6.4. Restricted Stock Units. Restricted Stock Units are solely a device for the measurement and determination of the amounts to be paid to a Participant under the Plan. Restricted Stock Units do not constitute Common Stock and shall not be treated as (or as giving rise to) property or as a trust fund of any kind; provided, however, that the Company may establish a bookkeeping reserve to meet its obligations hereunder or a trust or other funding vehicle that would not cause the Plan to be deemed to be funded for tax purposes or for purposes of Title I of the Employee Retirement Income Security Act of 1974, as amended. The right of any Participant in respect of an Award of Restricted Stock Units shall be no greater than the right of any unsecured general creditor of the Company. The grant of Restricted Stock Units shall be subject to the following terms and conditions:
(a) Restriction Period. Each Award Agreement with respect to Restricted Stock Units shall specify the duration of the Restriction Period, if any, and/or each installment thereof and the conditions under which such Award may be forfeited to the Company. Such restrictions may include a vesting schedule based upon the passage of time, the attainment of Performance Goals or a combination thereof.
(b) Termination of Employment or Other Service. Unless otherwise provided in the applicable Award Agreement, upon a Participant’s termination of employment or other service with the Company and its Subsidiaries for any reason, the unvested portion of each Award of Restricted Stock Units credited to such Participant shall be forfeited with no compensation due the Participant.
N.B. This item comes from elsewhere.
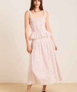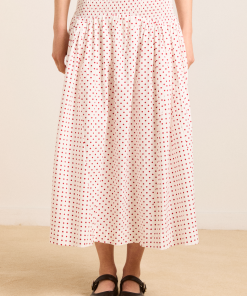 The Josie midi-length skirt combines effortless style with thoughtful details. Featuring a pleated waist panel for a flattering silhouette, it fastens discreetly with buttons on the left side, accompanied by a delicate tie detail for a refined finish. Crafted from 100% organic cotton, it offers both comfort and ease, making it a versatile addition to your wardrobe.

(c) Settlement. Unless otherwise provided in an Award Agreement (i) an Award of Restricted Stock Units shall be settled in shares of Common Stock, provided that any fractional Restricted Stock Units shall be settled in cash and (ii) subject to the Participant’s continued employment or other service with the Company or a Subsidiary from the date of grant through the expiration of the Restriction Period (or applicable portion thereof), the vested portion of an Award of Restricted Stock Units shall be settled within 30 days after the expiration of the Restriction Period (or applicable portion thereof).
(d) Shareholder Rights. Nothing contained in the Plan shall be construed to give any Participant rights as a shareholder with respect to an Award of Restricted Stock Units (including, without limitation, any voting, dividend or derivative or other similar rights). Notwithstanding the foregoing, the Committee may provide in an Award Agreement that amounts equal to any dividends declared during the Restriction Period on the shares of Common Stock represented by an Award of Restricted Stock Units will be credited to the Participant’s account and deemed to be reinvested in additional Restricted Stock Units, such additional Restricted Stock Units to be subject to the same forfeiture restrictions and settlement date as the Restricted Stock Units to which they relate.
6.5. Other Stock-Based Awards. The Committee is authorized, subject to limitations under applicable law, to grant to Participants any type of Award (in addition to those Awards provided in Sections 6.1, 6.2, 6.3 or 6.4 hereof) that is payable in, or valued in whole or in part by reference to, shares of Common Stock, and that is deemed by the Committee to be consistent with the purposes of the Plan, including, without limitation, dividend equivalents, performance shares and performance units (“Other Awards”).
Section 7. Change in Control.
7.1. General. Notwithstanding any provision in the Plan to the contrary, upon the occurrence of a Change in Control, the Committee, in its discretion, may accelerate the vesting and, if applicable, exercisability of all outstanding Awards such that all outstanding Awards are fully vested and, if applicable, exercisable (effective immediately prior to such Change in Control) and may determine whether all applicable Performance Goals have been achieved and the applicable level of performance.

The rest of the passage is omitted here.